As the Missouri General Assembly seeks to grapple with a steady rise in the cost of prescription drugs, we should expect lawmakers to hold accountable those responsible for the rapid increase in the price of drugs.
Indeed, year after year, major pharmaceutical corporations, often based overseas, have raised their list prices on essential medications.
In 2022, Johnson & Johnson, Merck and Bristol Myers Squibb alone reported over $38 billion in profits, all while exponentially increasing the price of their products every year. While these numbers are surely cause for celebration in the corporate boardrooms of Big Pharma, Missouri employers, unions and patients have borne the cost.
Flush with profits, Big Pharma has prescribed Missouri legislators a steady regimen of propaganda designed to place the blame for higher prices on anyone but it. I suppose we shouldn’t be surprised the Legislature is presently advancing priority legislation for drug companies that will only exasperate higher prices.
SB 45 and HB 982 have both advanced out of their respective Health Committees, and now await consideration on the House and Senate Floor. These bills do nothing to address the high prices set by pharmaceutical companies, but rather, seek to weaken Pharmacy Benefit Managers – the primary economic entity designed to force drug companies to offer a lower price.
Of course, pharmaceutical companies know their reputations don’t carry much weight with lawmakers.
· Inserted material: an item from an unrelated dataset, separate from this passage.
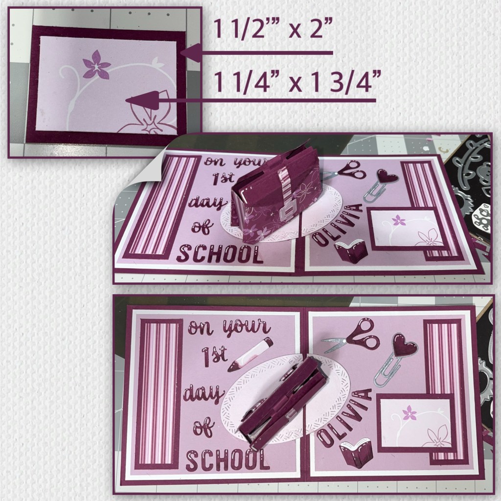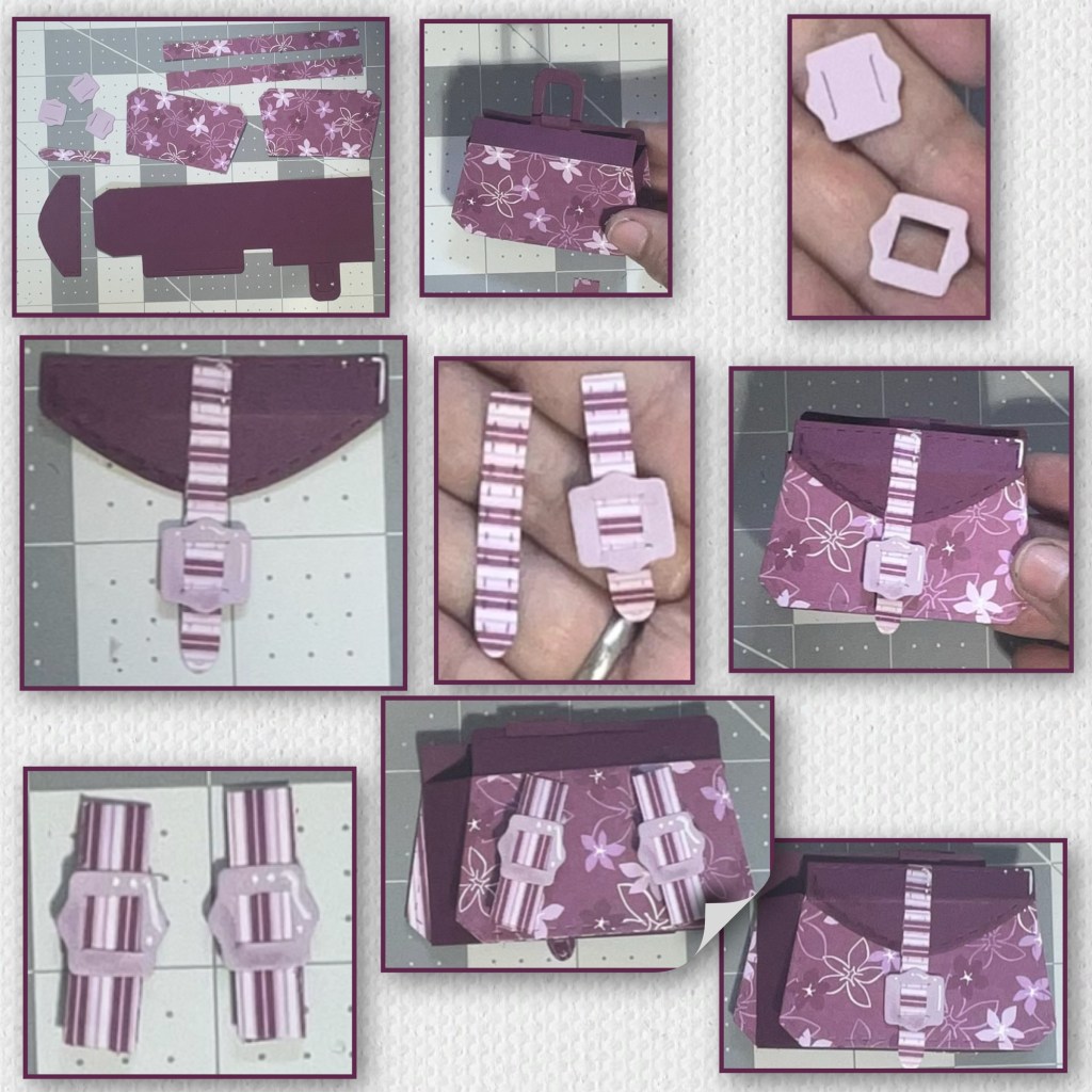I thought it would be cute to try and turn the Purse Pop Up into a backpack. (Karen has a video tutorial on the product page at the link ⬆️ on how to assemble and install the purse). To change it into a back pack I cut the handle off the top. I cut 3 buckles, and extended the strap that will go on the front. I cut 2 strips of paper to use as the straps, they are slightly too big to fit through the buckles so I cut the centers out of the buckle pieces and glued to the straps so it looks like the paper goes through. I add the pieces as shown, the flap and the long strap to the front and the two thicker straps to the back.

Wisely, they have lurked in the shadow of the Capitol rotunda, while funding state pharmacy associations and “patient advocacy groups” to serve as their primary messengers.
In fact, the drug wholesaler McKesson, ranked 9th on the Fortune 500 list, recently announced a major investment in all 50 state pharmacy associations. McKesson is vertically integrated with drug manufacturer NorthStar, along with the pharmacies that sell drugs at retail and the pharmacy services administrative organizations that negotiate reimbursement rates for most pharmacists.
Now, legislators who believe they are helping their local pharmacists are poised to pass Big Pharma’s legislative agenda.
SB 45 and HB 982 would implement a Pharma scheme known as “couponing.” After spending millions advertising their high list price drugs, Pharma companies rely on consumers to pick their brand name drugs over less expensive alternatives. Employers and unions who provide prescription drug benefits often will incentivize their plan participants to select a lower-cost option through a reduced co-payment.
To eliminate this incentive, drug manufacturers want to offer coupons that cover only the cost-share obligation of the patient. They then stick Missouri employers and unions with the bill for their high-priced drug. At the federal level, these scams are banned as illegal kickbacks in the Medicare program.
Just last year in Congress, Big Pharma spent tens of millions of dollars lobbying to ban health plan sponsors from paying their PBM an incentive for negotiating a better deal from drug manufacturers. Luckily, President Trump and Elon Musk sank this lame duck effort at the end of last year. Meanwhile, SB 45 and HB 982 seek to bring back these restrictions on health plan sponsors in the state of Missouri.
Missouri can’t afford to bail out Big Pharma. High drug costs are crippling employer- and union-sponsored health plans. Big Pharma’s legislative agenda will only make things worse, and Missouri House and Senate members should reject it.